Finally, considering this new initial population, as we said previously, we execute a last instance of the optimization algorithm GO-Pharm to obtain the final solution (see Fig. 6).

In Fig. 7, we show the flux diagram of the 2L-GO-Pharm algorithm, including both layers. Moreover, in Algorithm 2, we detail the pseudocode of 2L-GO-Pharm.

Figure 7

Flux diagram of 2L-GO-Pharm.

Attending the complexities of their basic operations in one iteration, the complexity of each phase of GO-Pharm (i.e., leader phase, collaborative phase and self-guiding phase) is \(O(D\cdot N)\), where D is the number of decision variables and N is the number of individuals in the population. Therefore, the global complexity of 2L-GO-Pharm is \(O(D\cdot N \cdot M_{\mathrm{iter}})\), where \(M_\mathrm{iter}\) is the maximum number of iterations.

Computational experiments framework

To show the performance of 2L-GO-Pharm, we carry out three computational experiments.
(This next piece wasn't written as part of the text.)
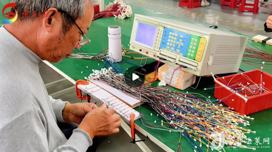 9月27日,譚壩鎮(zhèn)松壩社區(qū)。在安康歐利科精密電子科技有限公司新社區(qū)工廠寬敞明亮的車間里,工人們正熟練地進(jìn)行著電子線束生產(chǎn)流程的各項(xiàng)工作,隨處可見紅綠黃黑各種顏色的電子線束。隨著檢測設(shè)備顯示“良品”,一根根連接合格的電子線束“奔”向下一道工序。

In the first study, we deal with the shape similarity problem considering the Food and Drug Administration (FDA) database²³. In the second experiment, we solve the electrostatic similarity problem, also using the FDA data set. Finally, for the third experiment, we compute the AUC classification metric considering the Directory of Useful Decoys (DUD) database²⁹, in order to test the ability of the proposed algorithm to distinguish between ligands and decoys by comparing their shape similarity scores.

All the experiments have been executed in a Bullx R424-E3, with 2 Intel Xeon E5 2650v2 (16 cores), 128 GB of RAM memory and 1 TB HDD.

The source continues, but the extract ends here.